Alex Martelli <al***@aleax.it> wrote in
news:VO**********************@news1.tin.it:

Duncan Booth wrote:
...
FWIW, I think something like this belongs in the standard library rather
than as a method on lists or a new builtin.

Definitely not a method on lists, we agree on that.
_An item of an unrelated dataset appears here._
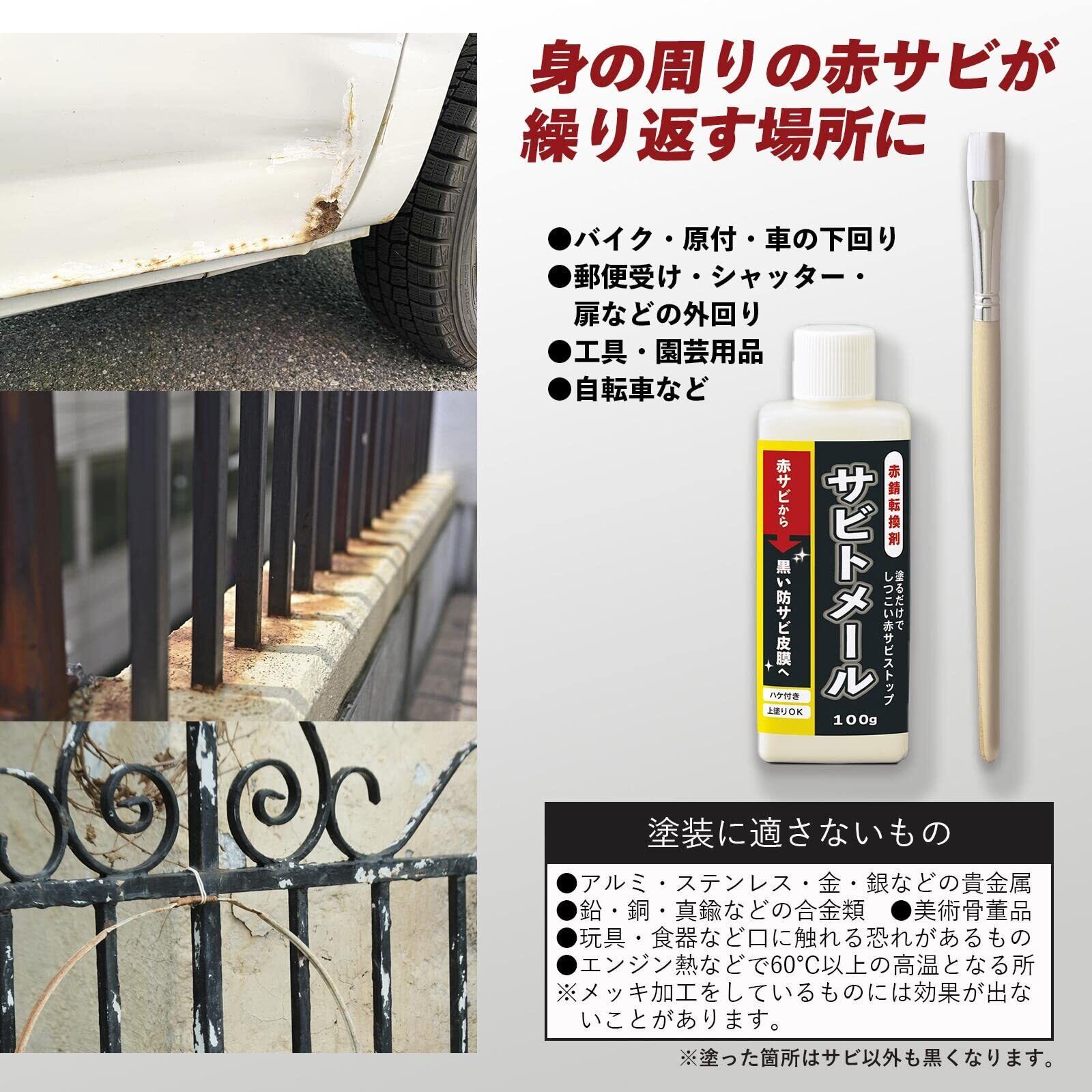 コモライフ 赤錆転換剤 サビトメール (約100g) 錆転換剤 防錆剤 防錆 赤サビ転換剤 錆止め 塗料 赤錆 黒錆 サビ取り不要 赤錆を黒錆に変える 防錆下地 ハケ付き 上塗りOK 塗るだけ 水性 油性 補修 自転車 車 バイク 【日本製】

Problem is, there
is no module in the standard library to collect "functions that are often
useful but not QUITE often enough to warrant being built-ins" (and if
there was, there are quite a few current built-ins I'd like to relegate
into such an auxiliary/utilities module), so that finding a good place,
other than built-ins, for such utility functions, is often a bother.
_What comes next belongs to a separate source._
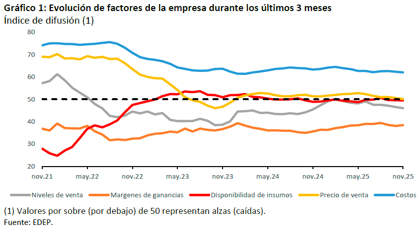 La evolución de los factores de las empresas muestra un escenario en que los precios de venta se mantienen sin variaciones en los últimos meses, en torno a la zona de neutralidad. La percepción de aumento de costos se mantiene similar a los meses anteriores, mientras que los niveles de venta muestran una leve reducción. Por otro lado, los márgenes de ganancia exhiben una leve mejora en el último trimestre móvil.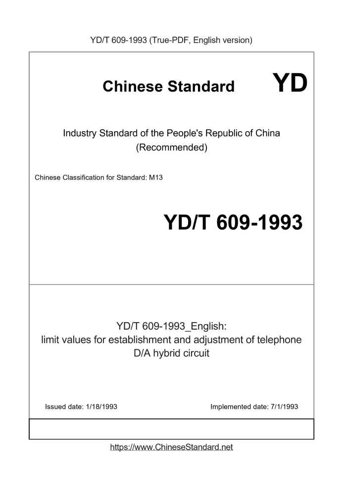 Delivery: <= 4 days. True-PDF full-copy in English will be manually translated and delivered via email. YD/T 609-1993: limit values for establishment and adjustment of telephone D/A hybrid circuit Status: Obsolete

So someone needs to write a PEP proposing such a module.

--
Duncan Booth du****@rcp.co.uk
int month(char *p){return(124864/((p[0]+p[1]-p[2]&0x1f)+1)%12)["\5\x8\3"
"\6\7\xb\1\x9\xa\2\0\4"];} // Who said my code was obscure?

Jul 18 '05 #18

Peter Hansen

Shu-Hsien Sheu wrote:

I have a question about the comparison of efficiency of string slicing
and using string.startswith.
For example, which one of the following would be more efficient, or ,
moreover, more pythonic?

if aa[:3] == 'abc':

vs

if aa.startswith('abc'):

The latter is clearly more readable.

Jul 18 '05 #19

David Eppstein

In article <3F***************@engcorp.com>,
Peter Hansen <pe***@engcorp.com> wrote:

For example, which one of the following would be more efficient, or ,
moreover, more pythonic?

if aa[:3] == 'abc':

vs

if aa.startswith('abc'):

The latter is clearly more readable.

More Pythonic, too, I think. "Readability counts," and "There should be
one-- and preferably only one --obvious way to do it." In this case,
startswith must be the one obvious way, or else why would it exist in
the standard library at all?

--
David Eppstein http://www.ics.uci.edu/~eppstein/
Univ. of California, Irvine, School of Information & Computer Science

Jul 18 '05 #20

xtian

David Eppstein <ep******@ics.uci.edu> wrote in message news:<ep****************************@news.service. uci.edu>...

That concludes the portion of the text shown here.